Consider the minimization of E subject to the constraint that (p+n)=a. This can be achieved using the Lagrangian multiplier method. This involves minimizing

#### ½(p²−p) − pnq + ½(n²−n)q² +λ(a − (p+n))

The first order equations for a constrained minimum are therefore:

#### (p−½) + nq − λ = 0 (n−½)q² + pq − λ = 0

These can reduced to

#### (n−½)q² + pq = (p−½) + nq and further to (n−½)q² − nq = (p−½) − pq and n(q²−q) −½)q² = p(1−q) −½ and still further to n(q²−q) = p(1−q) − ½(1 − q²)
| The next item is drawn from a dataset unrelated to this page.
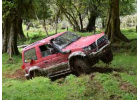
Brendan Watchorn Okoki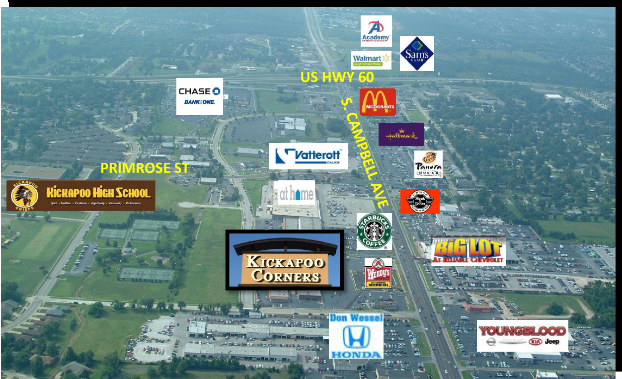
Kickapoo Corners View to the South

Dividing through by (q−1) gives

#### nq = −p + ½(1+;q) and finally n = (−1/q)p + ½(1/q+1)

For q=−2/3 this evaluates to

#### n = (3/2)p − (1/4)

The minimum energy combination of p and n would tend to be the most stable compositional arrangement. For p=92 the formula gives n=229.75 rather than 238.

## The Effect of the Electrostatic Repulsion between Protons

But as noted the above ignores the electrostatic repulsion between protons. That can be represented by making the energy of the interaction between protons as (1+d) rather that 1, where d represents the relative maggnitude of the electrostatic force compared to that of the nucleonic force at the distances involved in the nuclear interactions. This makes the quantity to be minimized equal to

#### ½(p²−p)(1+d) − pnq + ½(n²−n)q² +λ(a − (p+n))
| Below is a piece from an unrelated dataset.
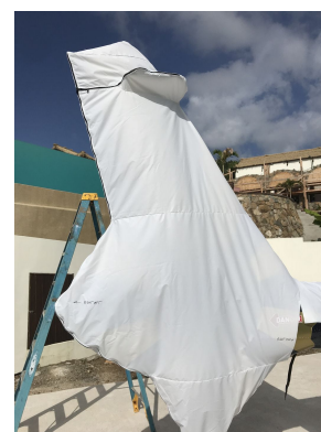
Aerospatiale Gazelle AS341 Tailfan Housing Extended Cover (test fit cover)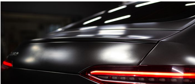
OEM primers and top coats

The first order equations for a constrained minimum are then:

#### (p−½)(1+d) + nq − λ = 0 (n−½)q² + pq − λ = 0

These can reduced to

#### (n−½)q² + pq = (p−½)(1+d) + nq and further to (n−½)q² − nq = (p−½)(1+d) − pq and n(q²−q) −½q² = p((1+d)−q) −½(1+d) and still further to n(q²−q) = p((1+d)−q) − ½((1+d) − q²) and finally to n(q²−q) = p(1−q +d) − ½(1− q² + d)

Dividing through by (1−q) gives

#### −nq = p(1+d/(1-q)) −½(1+q + d/(1-q)) and finally n = (−1/q)p(1+d/(1-q)) + ½[(1/q+1) + d/(q(1-q) ]

For q=−2/3 and d=1/10 this evaluates to

#### n = (3/2)p(1+3/50) −(1/2) [(1/2) + (9/100)]

For p=92 the formula gives (p+n)=238.11 rather than 238, a deviation of about 0.05 of 1%. This 0.1 is a plausible value for d, the ratio of the electrostatic repulsion between protons to the nucleonic repulsion.

A regression of n on p for the nuclides with p≥26 (iron) gives

#### n = 1.57054p − 10.83610

The coefficient of determination (R²) for this equation is 0.92345 and the t-ratio for the coefficient of p is 172.4. The ratio of that coefficient to 3/2 is 1.0470273. The previous analysis says that this ratio should be (1+3d/5). This means that d, the ratio of the electrostatic repulsion to the nucleonic force repulsion, should be 0.078.